Records contained in a dataset:
= = =
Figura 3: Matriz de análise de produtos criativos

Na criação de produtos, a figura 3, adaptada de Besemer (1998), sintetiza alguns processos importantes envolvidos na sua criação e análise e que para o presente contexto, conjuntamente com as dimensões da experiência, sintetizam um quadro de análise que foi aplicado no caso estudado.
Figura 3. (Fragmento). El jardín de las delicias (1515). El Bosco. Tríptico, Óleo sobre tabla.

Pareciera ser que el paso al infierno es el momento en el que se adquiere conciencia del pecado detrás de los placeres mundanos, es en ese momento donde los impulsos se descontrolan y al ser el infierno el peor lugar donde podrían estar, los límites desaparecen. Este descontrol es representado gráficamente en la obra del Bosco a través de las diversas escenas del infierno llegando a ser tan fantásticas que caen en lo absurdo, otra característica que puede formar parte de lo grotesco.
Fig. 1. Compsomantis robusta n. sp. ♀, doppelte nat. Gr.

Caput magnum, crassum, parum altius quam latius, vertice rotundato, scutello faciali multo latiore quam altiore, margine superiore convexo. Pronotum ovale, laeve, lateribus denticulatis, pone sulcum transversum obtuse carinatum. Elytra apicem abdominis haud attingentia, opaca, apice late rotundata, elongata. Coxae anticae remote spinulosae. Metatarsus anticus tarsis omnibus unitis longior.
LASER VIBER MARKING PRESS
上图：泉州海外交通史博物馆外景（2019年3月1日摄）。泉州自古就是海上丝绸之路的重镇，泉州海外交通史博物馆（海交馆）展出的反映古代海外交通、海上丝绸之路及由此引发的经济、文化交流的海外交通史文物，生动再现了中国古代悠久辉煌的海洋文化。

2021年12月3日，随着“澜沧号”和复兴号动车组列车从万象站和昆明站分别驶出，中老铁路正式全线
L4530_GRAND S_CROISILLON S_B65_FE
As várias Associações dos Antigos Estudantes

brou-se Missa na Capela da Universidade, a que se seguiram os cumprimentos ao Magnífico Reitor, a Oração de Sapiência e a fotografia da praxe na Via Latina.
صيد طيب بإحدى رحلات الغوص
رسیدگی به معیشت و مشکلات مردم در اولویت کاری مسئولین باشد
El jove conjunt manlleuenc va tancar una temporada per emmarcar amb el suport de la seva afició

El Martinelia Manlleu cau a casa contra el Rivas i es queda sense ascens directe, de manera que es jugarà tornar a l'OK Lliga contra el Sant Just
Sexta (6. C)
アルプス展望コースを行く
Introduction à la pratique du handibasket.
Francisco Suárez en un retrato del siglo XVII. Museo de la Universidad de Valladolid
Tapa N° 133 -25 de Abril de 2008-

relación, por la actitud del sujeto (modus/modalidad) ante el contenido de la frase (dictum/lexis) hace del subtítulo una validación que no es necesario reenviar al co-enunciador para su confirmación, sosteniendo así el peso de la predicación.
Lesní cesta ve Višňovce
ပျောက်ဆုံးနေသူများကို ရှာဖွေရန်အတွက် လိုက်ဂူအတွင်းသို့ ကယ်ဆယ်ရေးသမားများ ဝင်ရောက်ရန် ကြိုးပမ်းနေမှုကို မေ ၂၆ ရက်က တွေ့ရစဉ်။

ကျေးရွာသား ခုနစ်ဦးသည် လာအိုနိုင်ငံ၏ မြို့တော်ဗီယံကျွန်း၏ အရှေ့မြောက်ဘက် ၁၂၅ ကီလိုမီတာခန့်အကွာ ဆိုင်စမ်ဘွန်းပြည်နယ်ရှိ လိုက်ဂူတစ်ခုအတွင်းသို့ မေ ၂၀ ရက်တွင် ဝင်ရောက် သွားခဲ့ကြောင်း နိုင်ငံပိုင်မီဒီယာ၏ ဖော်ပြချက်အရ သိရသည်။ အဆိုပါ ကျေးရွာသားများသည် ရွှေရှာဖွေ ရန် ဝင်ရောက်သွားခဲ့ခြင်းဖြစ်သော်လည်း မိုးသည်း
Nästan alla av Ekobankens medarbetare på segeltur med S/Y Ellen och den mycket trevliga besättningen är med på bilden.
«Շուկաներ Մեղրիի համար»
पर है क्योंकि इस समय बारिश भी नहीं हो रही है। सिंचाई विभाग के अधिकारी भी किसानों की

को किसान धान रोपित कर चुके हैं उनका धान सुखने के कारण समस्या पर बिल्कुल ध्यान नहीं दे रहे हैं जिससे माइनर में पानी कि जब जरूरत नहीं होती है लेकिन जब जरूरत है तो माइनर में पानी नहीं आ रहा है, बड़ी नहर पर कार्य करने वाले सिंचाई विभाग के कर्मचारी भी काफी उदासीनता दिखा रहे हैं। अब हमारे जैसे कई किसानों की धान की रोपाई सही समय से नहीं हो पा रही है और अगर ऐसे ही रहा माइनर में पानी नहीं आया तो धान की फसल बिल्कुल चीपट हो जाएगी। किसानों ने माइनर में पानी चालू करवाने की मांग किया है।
= = =
All of the data above needs to be written out exactly.

EXERCISE OUTPUT.
Figura 3: Matriz de análise de produtos criativos

Na criação de produtos, a figura 3, adaptada de Besemer (1998), sintetiza alguns processos importantes envolvidos na sua criação e análise e que para o presente contexto, conjuntamente com as dimensões da experiência, sintetizam um quadro de análise que foi aplicado no caso estudado.
Figura 3. (Fragmento). El jardín de las delicias (1515). El Bosco. Tríptico, Óleo sobre tabla.

Pareciera ser que el paso al infierno es el momento en el que se adquiere conciencia del pecado detrás de los placeres mundanos, es en ese momento donde los impulsos se descontrolan y al ser el infierno el peor lugar donde podrían estar, los límites desaparecen. Este descontrol es representado gráficamente en la obra del Bosco a través de las diversas escenas del infierno llegando a ser tan fantásticas que caen en lo absurdo, otra característica que puede formar parte de lo grotesco.
Fig. 1. Compsomantis robusta n. sp. ♀, doppelte nat. Gr.

Caput magnum, crassum, parum altius quam latius, vertice rotundato, scutello faciali multo latiore quam altiore, margine superiore convexo. Pronotum ovale, laeve, lateribus denticulatis, pone sulcum transversum obtuse carinatum. Elytra apicem abdominis haud attingentia, opaca, apice late rotundata, elongata. Coxae anticae remote spinulosae. Metatarsus anticus tarsis omnibus unitis longior.
LASER VIBER MARKING PRESS
上图：泉州海外交通史博物馆外景（2019年3月1日摄）。泉州自古就是海上丝绸之路的重镇，泉州海外交通史博物馆（海交馆）展出的反映古代海外交通、海上丝绸之路及由此引发的经济、文化交流的海外交通史文物，生动再现了中国古代悠久辉煌的海洋文化。

2021年12月3日，随着“澜沧号”和复兴号动车组列车从万象站和昆明站分别驶出，中老铁路正式全线
L4530_GRAND S_CROISILLON S_B65_FE
As várias Associações dos Antigos Estudantes

brou-se Missa na Capela da Universidade, a que se seguiram os cumprimentos ao Magnífico Reitor, a Oração de Sapiência e a fotografia da praxe na Via Latina.
صيد طيب بإحدى رحلات الغوص
رسیدگی به معیشت و مشکلات مردم در اولویت کاری مسئولین باشد
El jove conjunt manlleuenc va tancar una temporada per emmarcar amb el suport de la seva afició

El Martinelia Manlleu cau a casa contra el Rivas i es queda sense ascens directe, de manera que es jugarà tornar a l'OK Lliga contra el Sant Just
Sexta (6. C)
アルプス展望コースを行く
Introduction à la pratique du handibasket.
Francisco Suárez en un retrato del siglo XVII. Museo de la Universidad de Valladolid
Tapa N° 133 -25 de Abril de 2008-

relación, por la actitud del sujeto (modus/modalidad) ante el contenido de la frase (dictum/lexis) hace del subtítulo una validación que no es necesario reenviar al co-enunciador para su confirmación, sosteniendo así el peso de la predicación.
Lesní cesta ve Višňovce
ပျောက်ဆုံးနေသူများကို ရှာဖွေရန်အတွက် လိုက်ဂူအတွင်းသို့ ကယ်ဆယ်ရေးသမားများ ဝင်ရောက်ရန် ကြိုးပမ်းနေမှုကို မေ ၂၆ ရက်က တွေ့ရစဉ်။

ကျေးရွာသား ခုနစ်ဦးသည် လာအိုနိုင်ငံ၏ မြို့တော်ဗီယံကျွန်း၏ အရှေ့မြောက်ဘက် ၁၂၅ ကီလိုမီတာခန့်အကွာ ဆိုင်စမ်ဘွန်းပြည်နယ်ရှိ လိုက်ဂူတစ်ခုအတွင်းသို့ မေ ၂၀ ရက်တွင် ဝင်ရောက် သွားခဲ့ကြောင်း နိုင်ငံပိုင်မီဒီယာ၏ ဖော်ပြချက်အရ သိရသည်။ အဆိုပါ ကျေးရွာသားများသည် ရွှေရှာဖွေ ရန် ဝင်ရောက်သွားခဲ့ခြင်းဖြစ်သော်လည်း မိုးသည်း
Nästan alla av Ekobankens medarbetare på segeltur med S/Y Ellen och den mycket trevliga besättningen är med på bilden.
«Շուկաներ Մեղրիի համար»
पर है क्योंकि इस समय बारिश भी नहीं हो रही है। सिंचाई विभाग के अधिकारी भी किसानों की

को किसान धान रोपित कर चुके हैं उनका धान सुखने के कारण समस्या पर बिल्कुल ध्यान नहीं दे रहे हैं जिससे माइनर में पानी कि जब जरूरत नहीं होती है लेकिन जब जरूरत है तो माइनर में पानी नहीं आ रहा है, बड़ी नहर पर कार्य करने वाले सिंचाई विभाग के कर्मचारी भी काफी उदासीनता दिखा रहे हैं। अब हमारे जैसे कई किसानों की धान की रोपाई सही समय से नहीं हो पा रही है और अगर ऐसे ही रहा माइनर में पानी नहीं आया तो धान की फसल बिल्कुल चीपट हो जाएगी। किसानों ने माइनर में पानी चालू करवाने की मांग किया है।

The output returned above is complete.